Here, Plaintiff fails to allege facts which demonstrate that Defendants Thompson, Crews, or Young "encouraged the specific incident of misconduct or in some other way directly participated in it." Bellamy, 729 F.2d at 421 (citing Hays, 668 F.2d at 872-74). He makes no allegation of their role in the alleged unconstitutional conduct. Accordingly, the individualcapacity claims under § 1983 against Defendants Thompson, Crews, and Young will be dismissed for failure to state a claim upon which relief may be granted.

E. Failure to protect

In the prison context, the Eighth Amendment imposes a duty on prison officials to take reasonable measures to guarantee the safety of inmates. See Farmer v. Brennan, 511 U.S. 825, 847 (1994). "Deliberate indifference of a constitutional magnitude may occur when prison guards fail to protect one inmate from an attack by another." Walker v. Norris, 917 F.2d 1449, 1453 (6th Cir. 1990). Construing the complaint broadly, as the Court is required to do at this stage, Boag v. MacDougall, 454 U.S. 364 (1982) (per curiam), the Court will allow Plaintiff's failure-to-protect claims to proceed against Defendants Roby, Palmer, St. Clair, Durrett, and Doe in their individual capacities.

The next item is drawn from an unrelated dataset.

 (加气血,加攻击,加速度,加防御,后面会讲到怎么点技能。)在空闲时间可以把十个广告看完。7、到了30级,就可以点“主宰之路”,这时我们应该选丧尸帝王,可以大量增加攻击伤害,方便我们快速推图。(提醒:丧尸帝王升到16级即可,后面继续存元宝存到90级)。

For the reasons set forth herein, and the Court being otherwise sufficiently advised, IT IS ORDERED that Plaintiff's claim against Defendant Grubb; his claims for injunctive relief; and his individual-capacity claims against Defendants Thompson, Crews, and Young are DISMISSED pursuant to 28 U.S.C. § 1915(e)(2)(B)(ii) for failure to state a claim upon which relief may be granted.

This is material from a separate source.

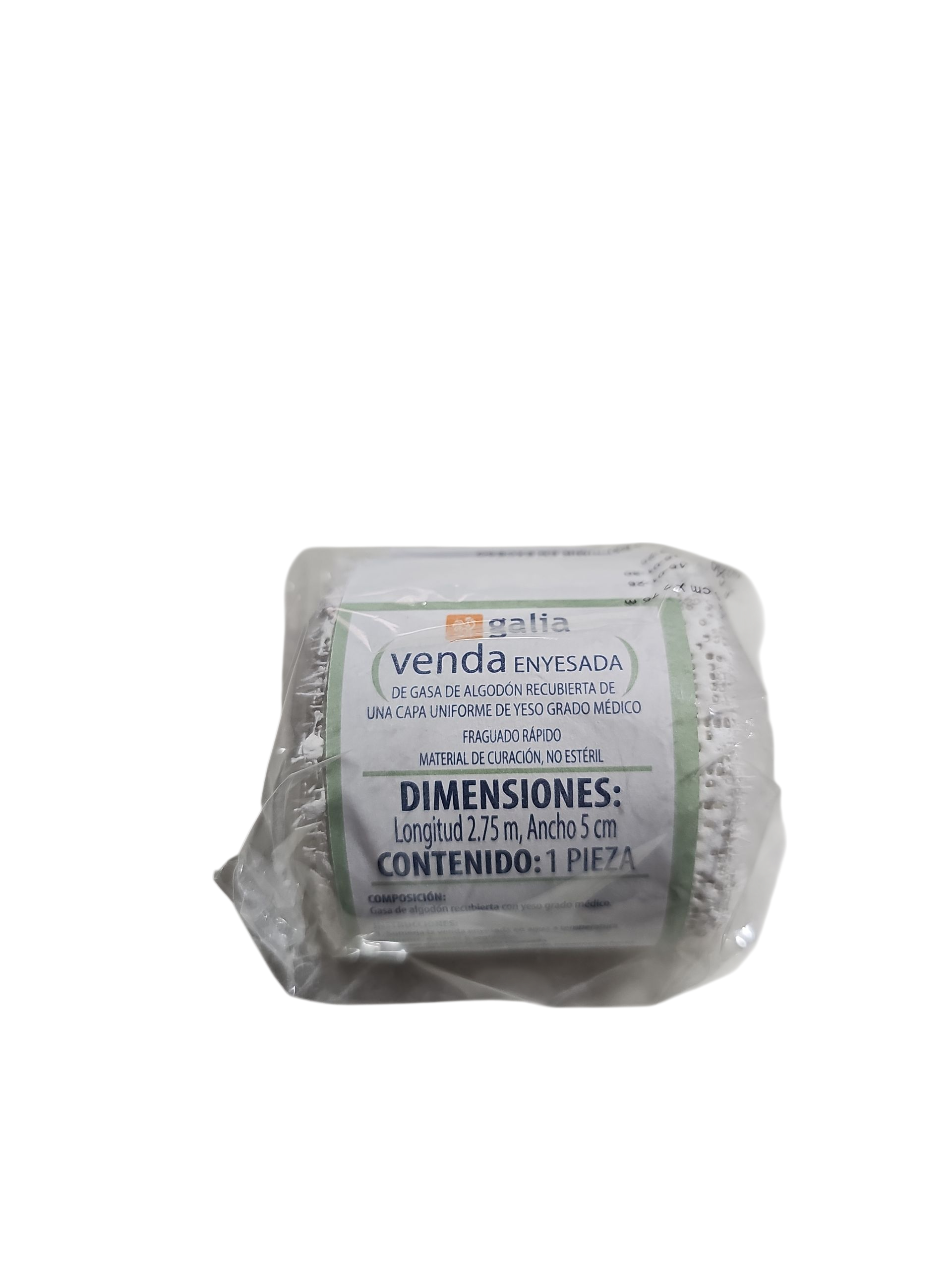 Venda de Yeso 5cm marca GALIA, ideal para inmovilización de fracturas, esguinces y tratamientos ortopédicos. Su composición permite un fraguado rápido y firme, brindando soporte y estabilidad a la zona afectada. De fácil aplicación y ajuste, garantiza una adecuada protección durante el proceso de recuperación.

IT IS FURTHER ORDERED that Plaintiff's official-capacity claims against all Defendants for monetary damages are DISMISSED pursuant to 28 U.S.C. §§ 1915(e)(2)(B)(ii), (iii) for failure to state a claim upon which relief may be granted and for seeking monetary relief from a defendant who is immune from such relief.

The Clerk of Court is DIRECTED to terminate Defendants Grubb, Thompson, Crews, and Young as parties to this action.

The Court will enter a separate Order governing the claims that have been permitted to proceed.